What the exercise asks:
Of the entries below, return exactly those lines that fall between the one containing "SMS marketing, etc.Slidegeeks" and the one containing "Los trabajadores de", the two end lines included.

Data to process:
= Beginning of Section =

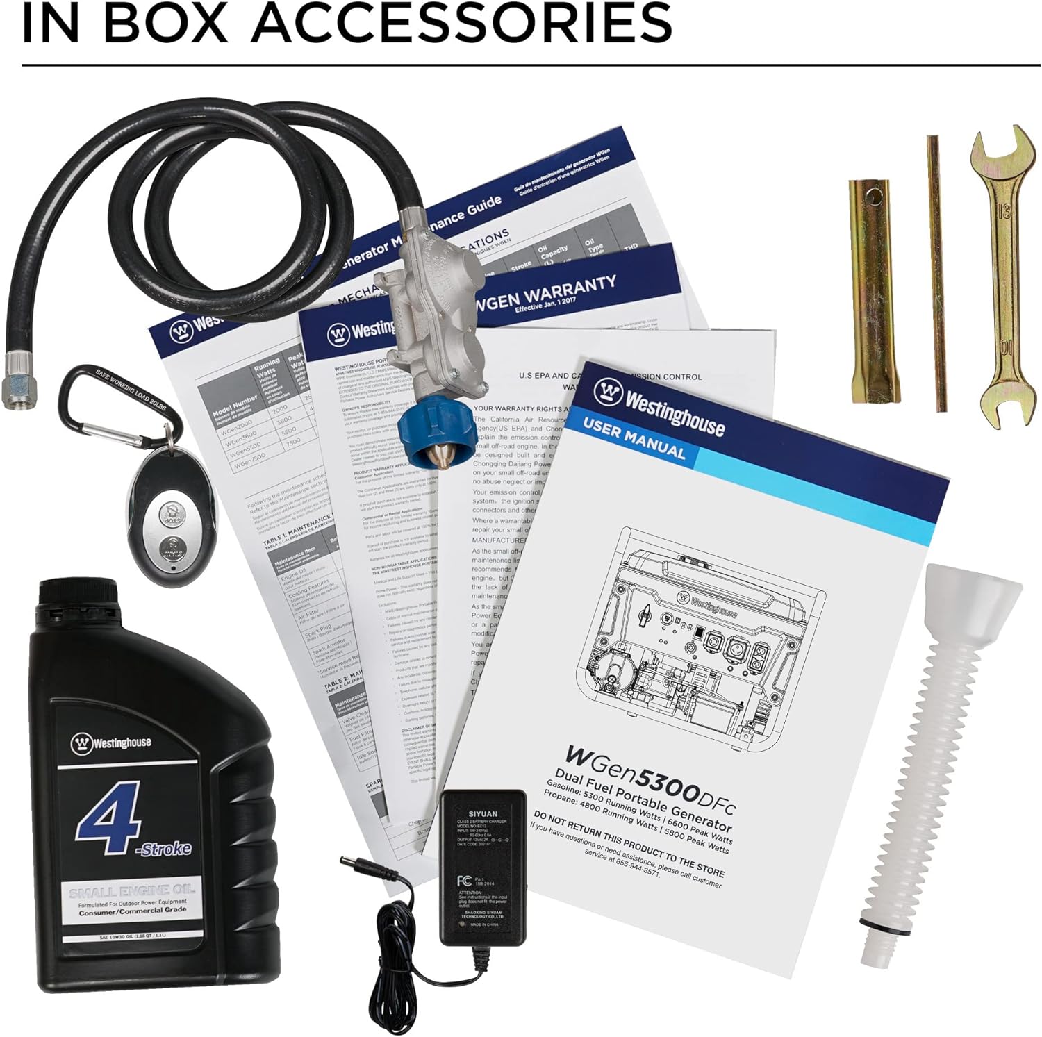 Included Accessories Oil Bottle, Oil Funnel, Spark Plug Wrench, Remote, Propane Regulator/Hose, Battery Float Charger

= End of Section =
= Beginning of Section =

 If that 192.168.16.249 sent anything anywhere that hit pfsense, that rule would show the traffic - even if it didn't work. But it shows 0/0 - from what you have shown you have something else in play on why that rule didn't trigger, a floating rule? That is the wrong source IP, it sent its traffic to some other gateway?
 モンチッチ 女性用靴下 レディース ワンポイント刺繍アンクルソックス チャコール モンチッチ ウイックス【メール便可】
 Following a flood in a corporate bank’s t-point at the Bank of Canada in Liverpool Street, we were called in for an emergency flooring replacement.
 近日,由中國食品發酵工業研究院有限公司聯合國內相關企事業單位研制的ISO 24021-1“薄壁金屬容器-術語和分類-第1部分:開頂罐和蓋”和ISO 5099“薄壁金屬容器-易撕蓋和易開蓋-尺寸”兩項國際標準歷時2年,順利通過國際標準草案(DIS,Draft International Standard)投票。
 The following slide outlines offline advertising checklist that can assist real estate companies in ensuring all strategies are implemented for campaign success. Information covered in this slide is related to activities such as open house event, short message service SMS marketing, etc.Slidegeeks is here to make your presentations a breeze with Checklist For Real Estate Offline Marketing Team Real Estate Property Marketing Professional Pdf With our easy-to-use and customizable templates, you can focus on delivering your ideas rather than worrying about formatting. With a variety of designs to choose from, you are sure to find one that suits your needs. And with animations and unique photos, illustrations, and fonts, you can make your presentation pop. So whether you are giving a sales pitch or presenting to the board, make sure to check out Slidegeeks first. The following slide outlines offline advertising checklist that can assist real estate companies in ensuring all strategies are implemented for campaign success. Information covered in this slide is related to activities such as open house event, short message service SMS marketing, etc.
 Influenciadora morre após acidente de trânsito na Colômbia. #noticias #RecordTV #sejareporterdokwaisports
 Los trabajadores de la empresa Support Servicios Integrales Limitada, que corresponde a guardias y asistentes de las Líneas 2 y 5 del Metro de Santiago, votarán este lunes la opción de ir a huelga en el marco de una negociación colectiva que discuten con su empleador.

= End of Section =
= Beginning of Section =

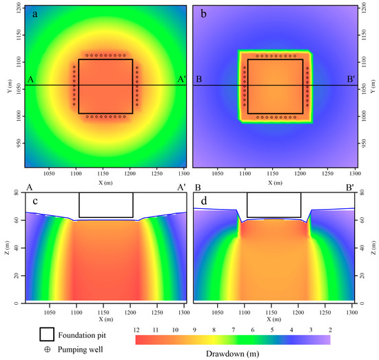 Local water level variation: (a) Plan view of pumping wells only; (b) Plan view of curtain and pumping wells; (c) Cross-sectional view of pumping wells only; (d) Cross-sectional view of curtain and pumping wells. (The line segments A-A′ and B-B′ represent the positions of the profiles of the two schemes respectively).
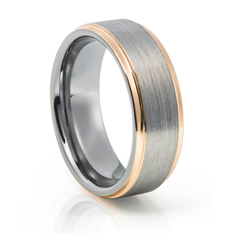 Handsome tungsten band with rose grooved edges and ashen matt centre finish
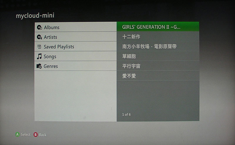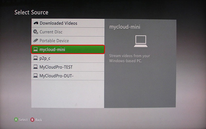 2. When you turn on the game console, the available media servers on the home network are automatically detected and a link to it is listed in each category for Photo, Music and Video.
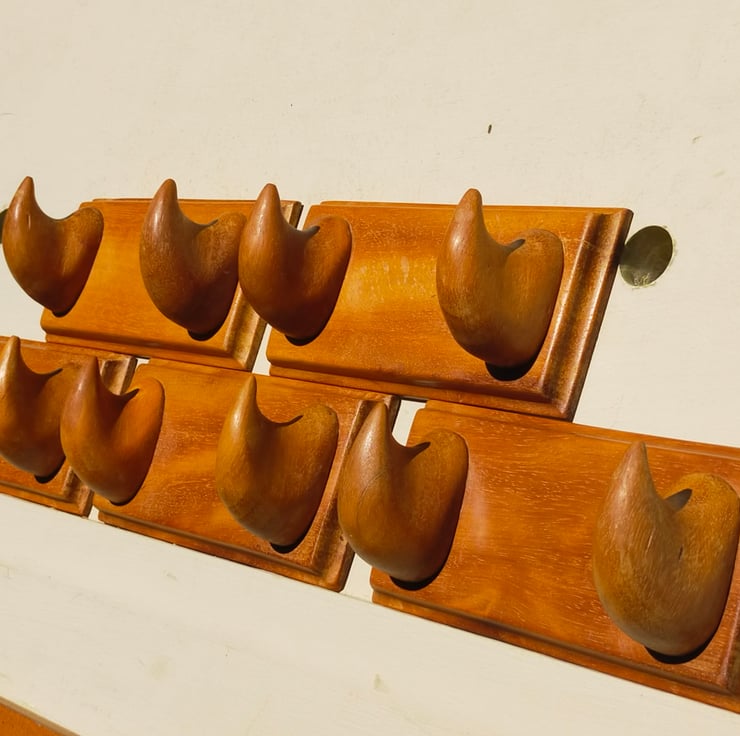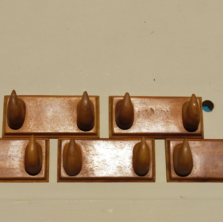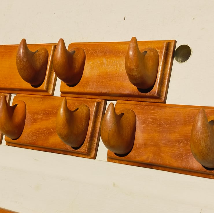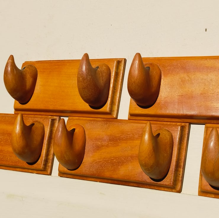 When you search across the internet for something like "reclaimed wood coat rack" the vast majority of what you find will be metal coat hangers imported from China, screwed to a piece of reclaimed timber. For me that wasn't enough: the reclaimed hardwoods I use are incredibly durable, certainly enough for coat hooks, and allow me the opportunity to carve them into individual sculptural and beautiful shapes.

= End of Section =

Answer to this task:
 The following slide outlines offline advertising checklist that can assist real estate companies in ensuring all strategies are implemented for campaign success. Information covered in this slide is related to activities such as open house event, short message service SMS marketing, etc.Slidegeeks is here to make your presentations a breeze with Checklist For Real Estate Offline Marketing Team Real Estate Property Marketing Professional Pdf With our easy-to-use and customizable templates, you can focus on delivering your ideas rather than worrying about formatting. With a variety of designs to choose from, you are sure to find one that suits your needs. And with animations and unique photos, illustrations, and fonts, you can make your presentation pop. So whether you are giving a sales pitch or presenting to the board, make sure to check out Slidegeeks first. The following slide outlines offline advertising checklist that can assist real estate companies in ensuring all strategies are implemented for campaign success. Information covered in this slide is related to activities such as open house event, short message service SMS marketing, etc.
 Influenciadora morre após acidente de trânsito na Colômbia. #noticias #RecordTV #sejareporterdokwaisports
 Los trabajadores de la empresa Support Servicios Integrales Limitada, que corresponde a guardias y asistentes de las Líneas 2 y 5 del Metro de Santiago, votarán este lunes la opción de ir a huelga en el marco de una negociación colectiva que discuten con su empleador.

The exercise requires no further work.